I heard behind me a voice as loud as a trumpet
Sometimes little things go unnoticed in the readings for our Sunday liturgies. For instance, despite their focus upon the marvel of the resurrection, I can’t help but reflect upon the way Jesus and even Peter (in the first reading) make their presence felt. In Peter’s case it’s his shadow that heals people, so that residents carry their sick out into the streets on cots and mats to experience his power. It reminds me of the scene in To Kill a Mockingbird in which Atticus Finch (played by Gregory Peck) rises to leave the court room after his exonerating but – due to local prejudice – failing to acquit Tom Robinson, a black field hand, for assault. As of one accord all the African American observers in the court room balcony rise as well, telling Finch’s daughter to do the same because: “Your father is passing.” The scene makes the mere passing of Atticus Finch a holy event, of a presence laden with a power that can heal. It’s a subtle way of saying God himself/herself was present in that chamber.
For another subtle way, look at the second reading from The Book of Revelation. The writer John hears a voice behind him and has to turn to see whose voice it was. The voice comes out of the future, because do we not always advance through life walking backwards? We see the past, we record it, we know what has happened – good and bad – but the future is, as it were, behind us – and that’s whence the voice of Jesus speaks to John – out of the future. If John but turns around he will see the whole drama of life revealed from the point of view of the risen Jesus.

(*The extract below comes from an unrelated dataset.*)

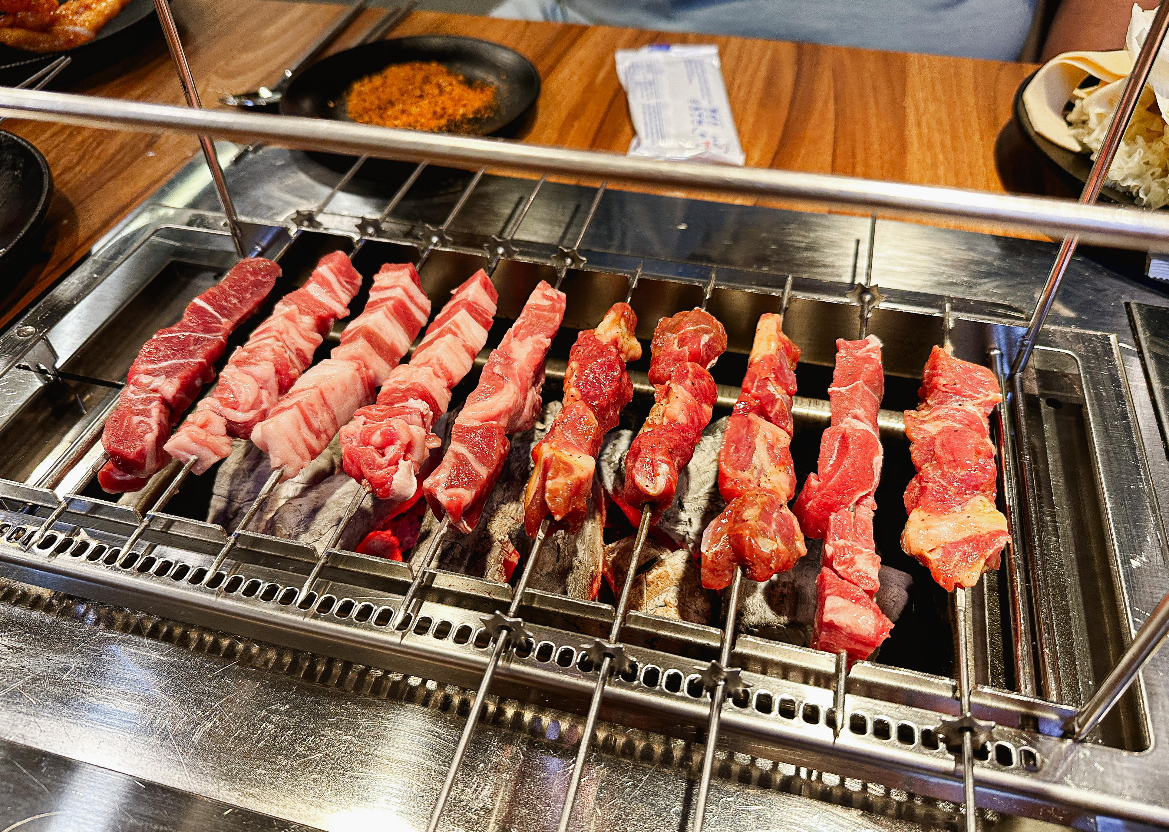 냉장고에서 닭염통부터 양갈비살, 양꼬치, 양념양꼬치, 오징어완자, 막창, 소시지, 소고기, 새우 등 입맛에 맞게 꺼내 먹으면 되었고, 양념도 굴소스, 초장, 식초, 칠리소스, 참깨소스, 막창소스, 마요네즈 등으로 취향껏 골라먹을 수 있도록 되어있었습니다.

And then there is the Gospel for today. The disciples are behind locked doors, hiding, frightened since the death of Jesus. Except that Jesus materializes right there among them, within their locked chamber and says, “Peace be with you.” By way of shadows, voices from behind our backs, materializing among us right out of nowhere! The subtle presence of God’s power, God’s voice surrounding us throughout our lives – in the hope that gradually we will feel the healing shadow, want to turn around, experience the surprise of his transient presence by way of a thought, an insight, a recovery of hope, a belief in love.
It takes some kind of awakening, a kind of coming out of our tomb to meet this subtle influence of Jesus, of God’s grace with increasing conviction. Somebody is in the room; the coolness of somebody’s shadow just fell over me; I feel drawn to stop dwelling, brooding over the past, drawn to turn around and take a chance on the future – or, as in next Sunday’s Gospel, pause in my wearisome fishing around to take note of somebody standing over on the seashore – signaling . . .
It is our Easter Season. Time to be prepared to sense the presence of Christ, to accentuate our faith in such a way as to see him in other than just bodily ways – to see him and hear him as probably all around us if our senses were truly awake. As he was for the two disciples on the Road to Emmaus, who as a stranger (in the words of John Shea) falls upon their loss with excited words about surprises hidden at the heart of death . . . and that every scream is redeemed for it echoes in the ear of God.
The Emmaus reading ends with the disciples recognizing the stranger for what he was: the arsonist of the heart — as Shea puts it. I once applied that term to my now deceased son. For all his problems with drugs, he was nevertheless and even providentially – the arsonist of my heart, the shadow of Christ.